======== PROVIDED MATERIAL ========

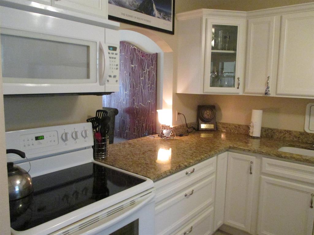 Large updated 2/2 2nd floor unit in elevator building. Martha Stewart kitchen cabinets w/solf close doors, corner lazy susan storage, granite counters, extra storage cabinet in kitchen. Updated 6'' baseboards throughout, Year old W/D, New a/c 2017, brand new water heater, porcelain tile floors, updated guest Bath. Maintenance includes a lot - Comcast cable and internet, water/sewer, 24/7 guard gated, on-site management, Clubhs facilities, budget reserves, bldg insurance etc. One Pet OK up to 30 lbs. No rentals 1st yr of ownership. Active 55+ community with full time social director. Courtesy Bus two days a week to grocery, shops, malls etc. Come Discover Golden Lakes Village.
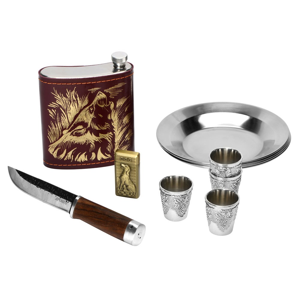 Комплектность тарелка d18,3 х 2,5 см - 4шт, нож 23,5 х 3 х 2,3 см, зажигалка 3,3 х 6,7 х 1,2 см, стопка d4,3 х 4,9 см - 4шт, фляга 12,7 х 16 х 4 см
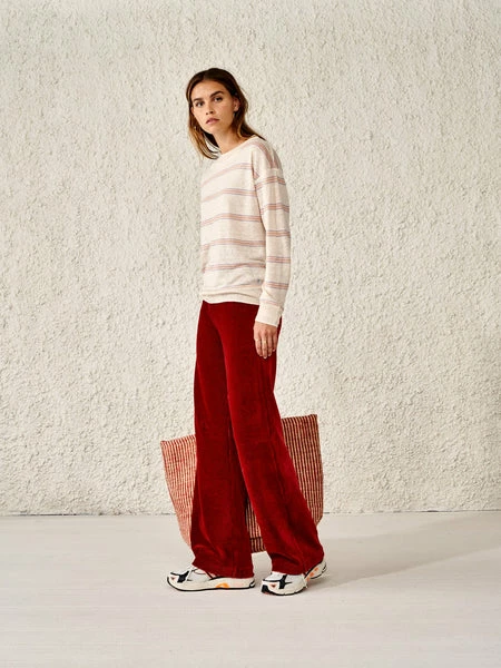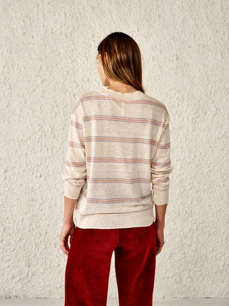 This 100% linen tee features a relaxed cut with dropped shoulders and colorful ribbed edges to land on the perfect balance between a basic tee and a trendy sweatshirt look. This seasonal version comes in an array of stripes in cream, peach and blue. Enjoy yours with your favorite denim or try it with a skirt for a change. Sizing:0 (XS)1 (S)2 (M)3 (L)4 (XL)5 (XXL) 100% Linen Made in China Machine wash at 30°C or lower, low bleach allowed, do not fill the drum, delicate spin Do not bleach Do not tumble dry Iron at low temperature/ heat 110°C Do not dry clean
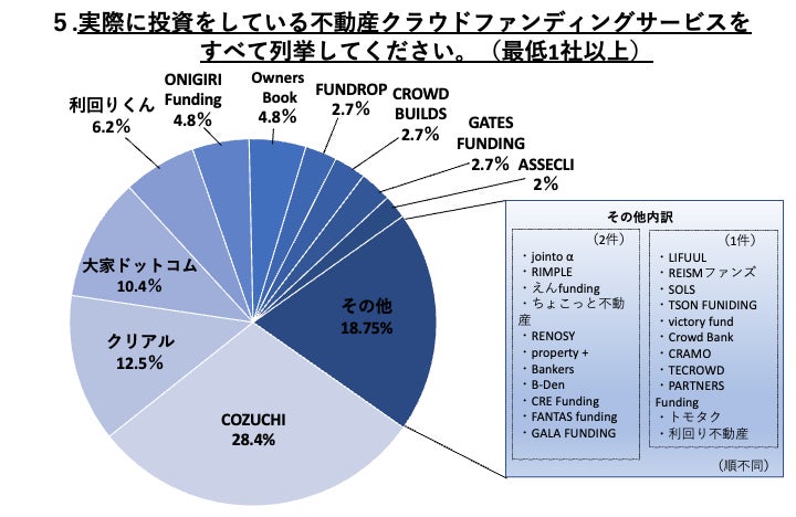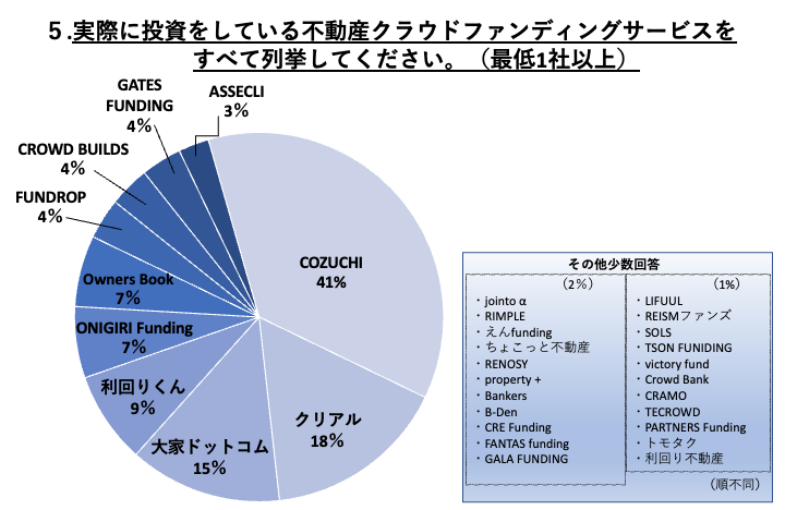 Q5. 実際に投資をしている不動産クラウドファンディングサービスをすべて列挙してください。(最低1社以上)
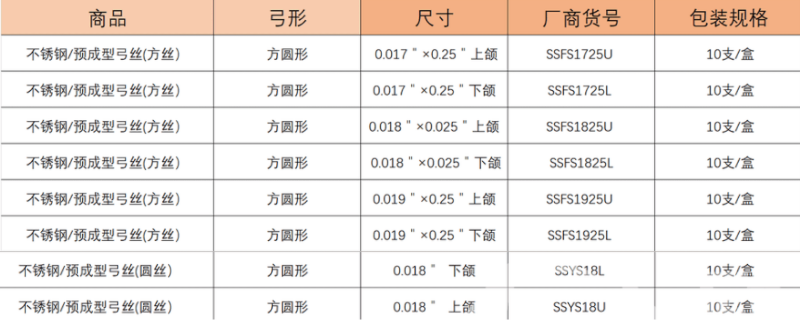 有研亿金 预成型弓丝(不锈钢丝) 方圆型 10根/盒

========

*YOUR OBJECTIVE:* An exact copy of every entry, pictures left out, is what to write here.

*WRITTEN ANSWER:*
 Large updated 2/2 2nd floor unit in elevator building. Martha Stewart kitchen cabinets w/solf close doors, corner lazy susan storage, granite counters, extra storage cabinet in kitchen. Updated 6'' baseboards throughout, Year old W/D, New a/c 2017, brand new water heater, porcelain tile floors, updated guest Bath. Maintenance includes a lot - Comcast cable and internet, water/sewer, 24/7 guard gated, on-site management, Clubhs facilities, budget reserves, bldg insurance etc. One Pet OK up to 30 lbs. No rentals 1st yr of ownership. Active 55+ community with full time social director. Courtesy Bus two days a week to grocery, shops, malls etc. Come Discover Golden Lakes Village.
 Комплектность тарелка d18,3 х 2,5 см - 4шт, нож 23,5 х 3 х 2,3 см, зажигалка 3,3 х 6,7 х 1,2 см, стопка d4,3 х 4,9 см - 4шт, фляга 12,7 х 16 х 4 см
 This 100% linen tee features a relaxed cut with dropped shoulders and colorful ribbed edges to land on the perfect balance between a basic tee and a trendy sweatshirt look. This seasonal version comes in an array of stripes in cream, peach and blue. Enjoy yours with your favorite denim or try it with a skirt for a change. Sizing:0 (XS)1 (S)2 (M)3 (L)4 (XL)5 (XXL) 100% Linen Made in China Machine wash at 30°C or lower, low bleach allowed, do not fill the drum, delicate spin Do not bleach Do not tumble dry Iron at low temperature/ heat 110°C Do not dry clean
 Q5. 実際に投資をしている不動産クラウドファンディングサービスをすべて列挙してください。(最低1社以上)
 有研亿金 预成型弓丝(不锈钢丝) 方圆型 10根/盒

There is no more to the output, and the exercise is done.